I am going to stop writing here and let this brew in me as I explore the websites of organisations working with this issue in Singapore and see if I can make a difference even in a tiny way about this problem in our world. It still for the most part feels like this immense problem, involving large crushing organisations that have escaped the reach of the most powerful law enforcing bodies - so how can little insignificant me do anything? And maybe by myself I cannot but along with others even seemingly impossible change can be brought into our world.



Tuesday, January 7, 2014

Today

Today I want to write to explore a thought in my head about the value of negative feelings. Even as I write this I find myself not liking the word negative so I replace it with uncomfortable.

Feelings that make my body and mind uncomfortable, restless or confused. I guess some part of me values comfort, peace and clarity over the above feelings. 

Last year I had a falling out with a friend who was a believer of positive psychology and appreciative inquiry. He believed that negative feelings when left to themselves multiplied and grew and took over the mind. He had learnt to tap away negativity and emerge comfortable and happy. 

I on the other felt that each uncomfortable state of mind and body contain an inner core of truth that call to be felt and assimilated. These so called negative feelings need to be unfolded and this for me is a necessary aspect of awareness. 

Both of us were seekers. He looked at the path of positivity and I leant towards finding my truths from my shadow. We talked and explored and perhaps even assimilated each others beliefs but in the end my shadow was too heavy for him, he felt it engulfed him and made it that much harder for him to reach his light. 

He walked away, I was hurt and without realising it I began breathing away my pain. That was not that hard to do and I did find I could quite easily turn away from it and reach a state of peace. Perhaps I even needed to do this as the years crises suddenly felt overwhelming. But somewhere within the surface calmness I sensed something simmering. A powerful water serpent, strong open jaws, enclosed inside a mountain, writhing and swimming from one end to the other of its' mountain walls, twisting and turning its long neck. Roaring silently. Wanting to get out, energy building into an explosive frenzy.

Bombay. The year finally began losing its intense and fearful hold on me and I breathed more easily, more naturally, resting in each moment. I did a long overdue blood test which showed some high liver values.

It was only this monday that I began to feel how much I had lost of my essence in breathing away my pain without first knowing it accurately. So today I decide to notice and meticulously name a discomfort, a negative feeling before I breathe it away. I feel this might help to detoxify my liver.

It was in 1999 that I had such elevated liver function values. Much more than today.
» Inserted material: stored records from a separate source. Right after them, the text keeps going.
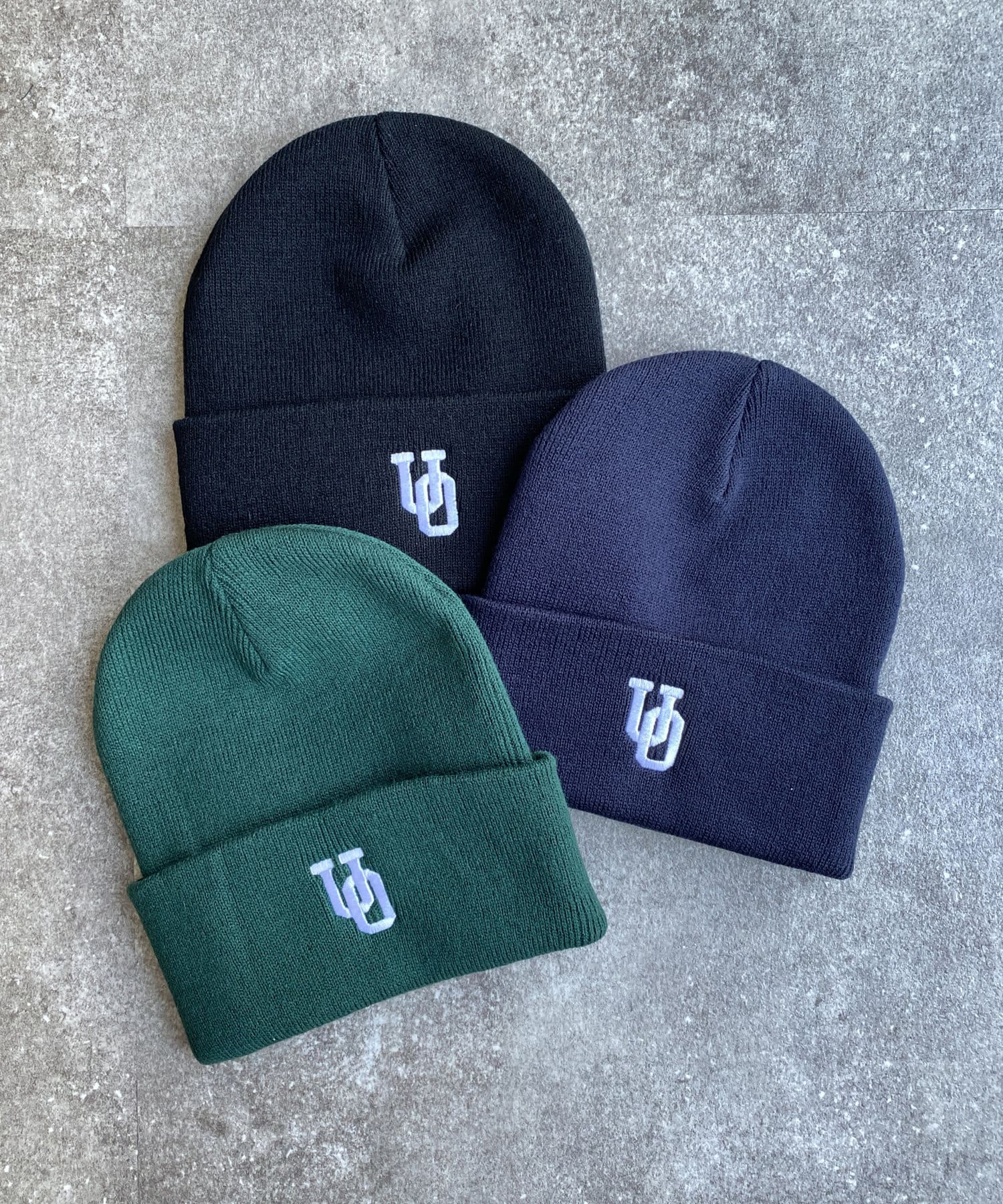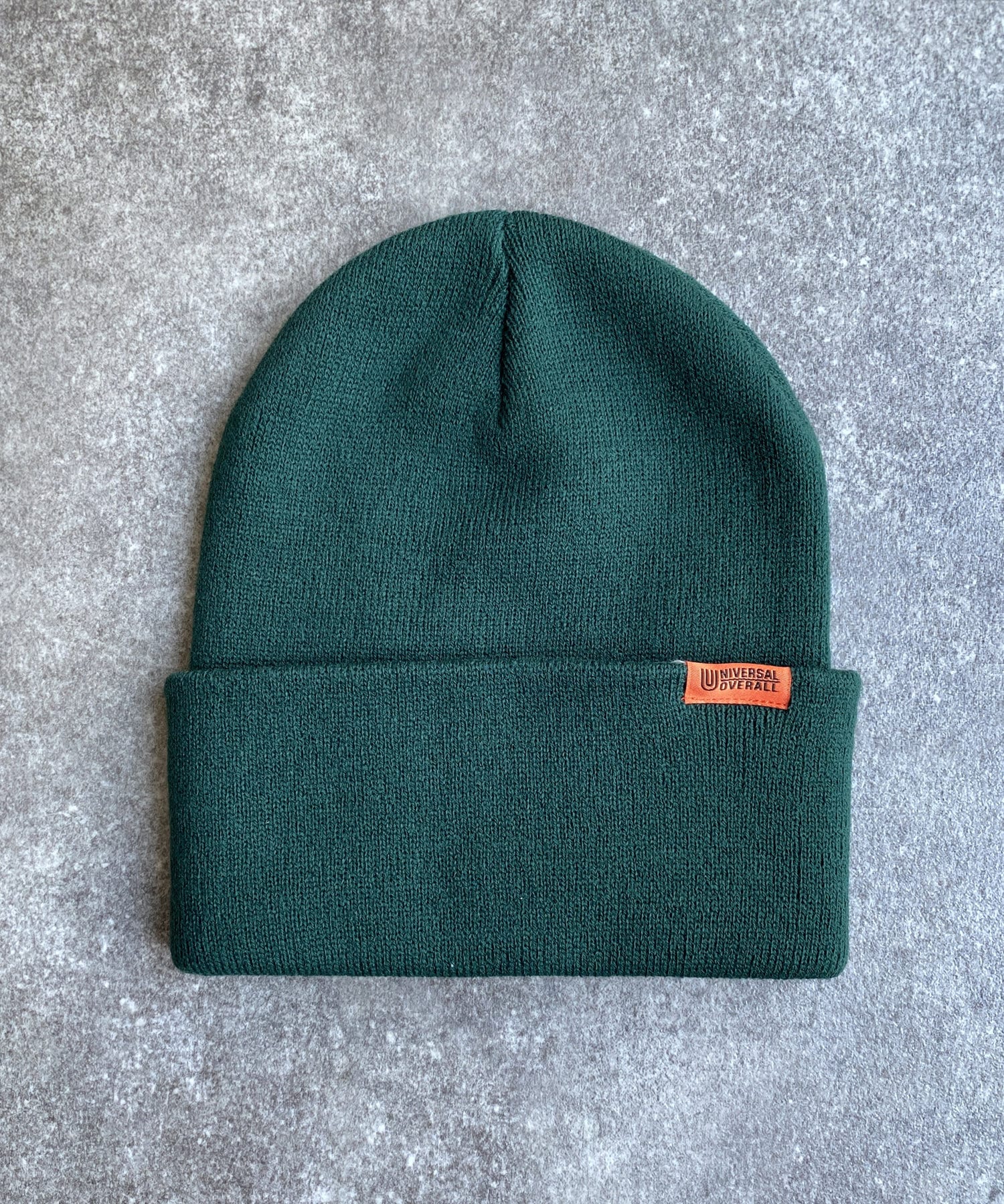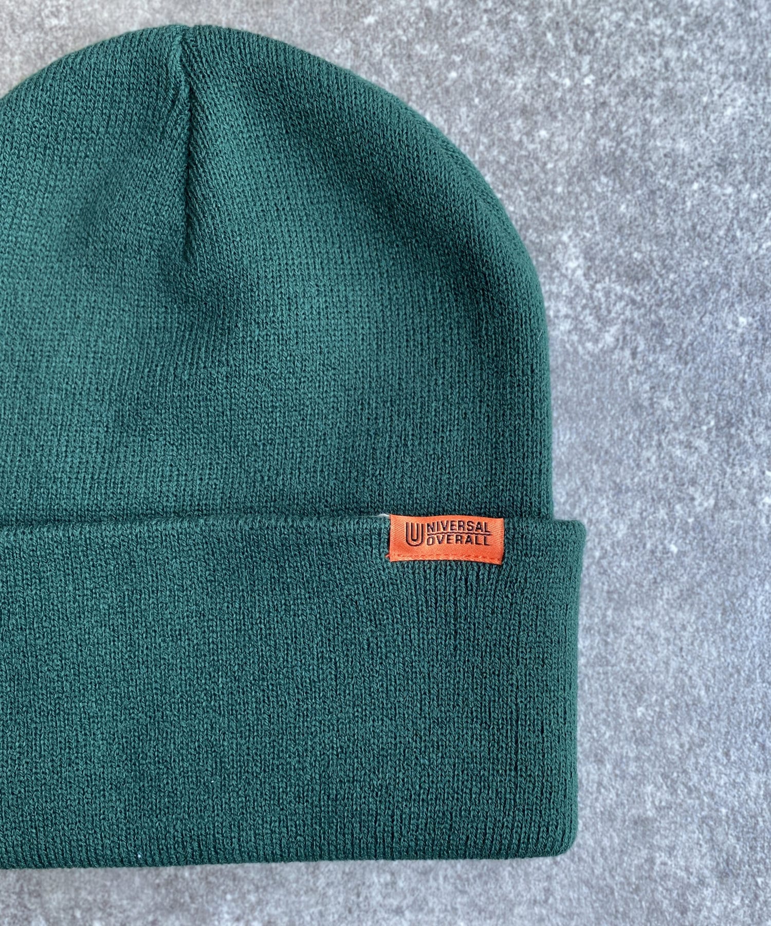 ブランドロゴを配置したUNIVERSAL OVERALLのニットキャップ。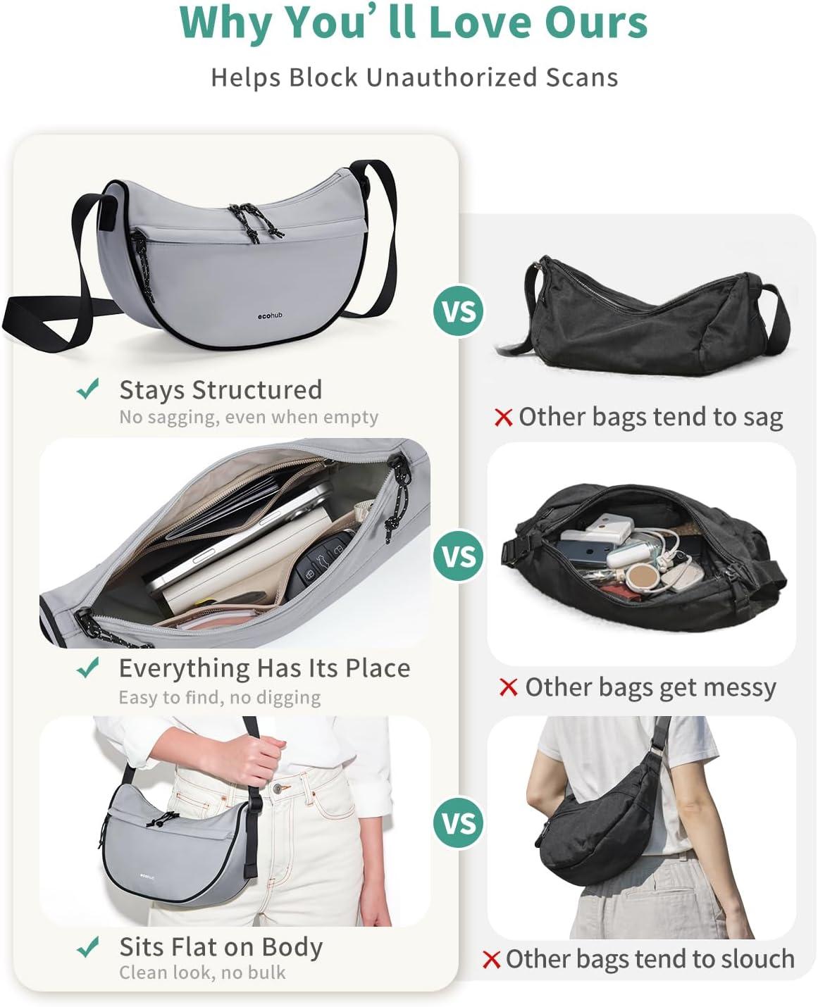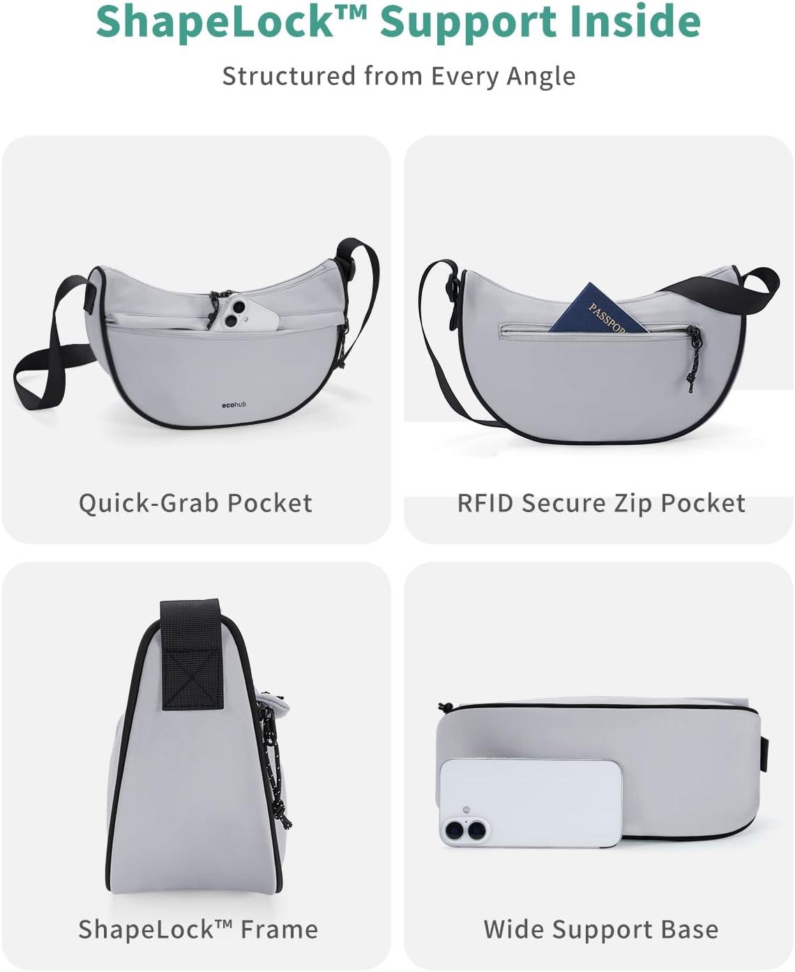 imageECOHUB Crossbody Bags for Women Men Crossbody Purse with Adjustable Strap Structured Crescent Shoulder BagGrey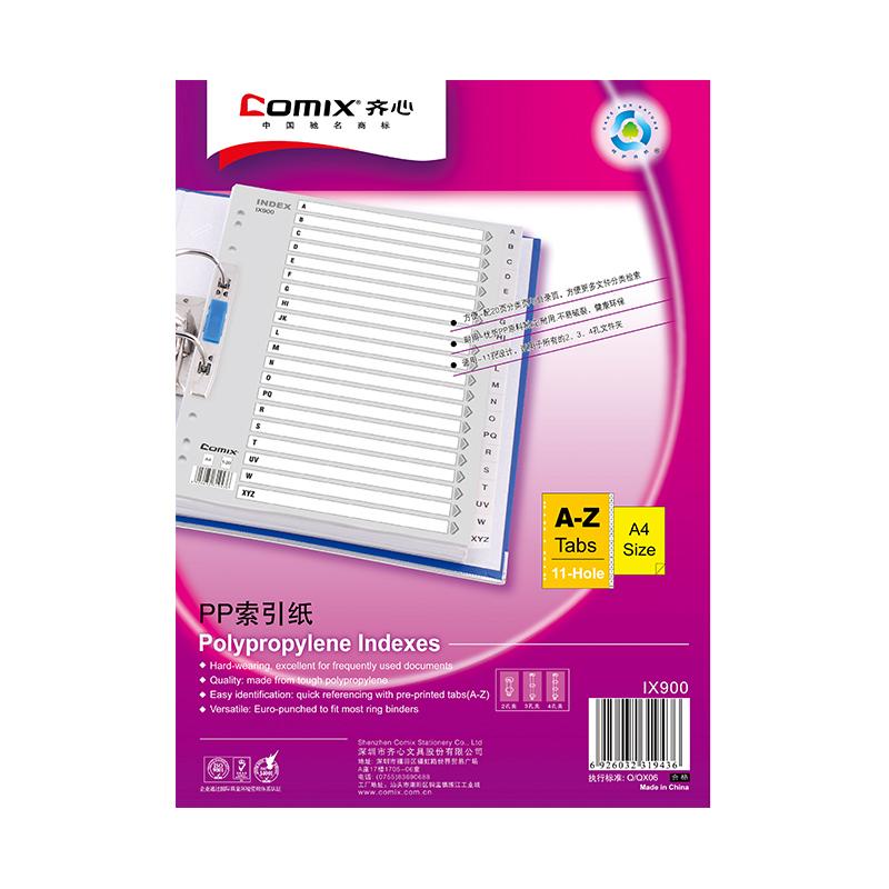 > 齐心 IX900 A4 11孔 21页 A-Z字母PP索引纸 灰 单位:套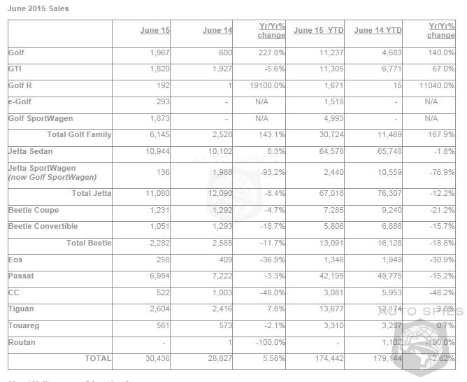 Volkswagen of America, Inc. (VWoA) today reported sales of 30,436 units delivered in June 2015.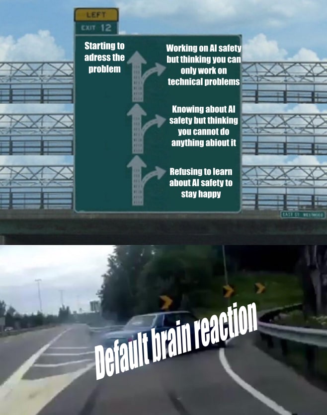 The default reaction to a human confronted with the AGI x-risk meme is a series of “near misses”. Successive steps of understanding the risk, the relationship between technological solutions and governance, and what action they can take. At every stage, the individual has the impression that they know about the problem, sometimes that they act accordingly while in fact having missed crucial information that prevents them from efficiently tackling the problem.

I was emerging from a very painful, poisonous time. Longer and more intense than last year. Authentic connection to the toxins finally freed me from them.

Everyone has a different path to the truth. Of course for me some paths are more inclusive. Something about Singapore and perhaps the world prefers the path of positivity. For me that path excludes the essence of me and the path of staying close to my shadow, where everything I can ever feel or be resides, is more inclusive. Maybe this year I will find I am wrong in holding this view but today it feels good to just clarify what I believe and try to live it deeply.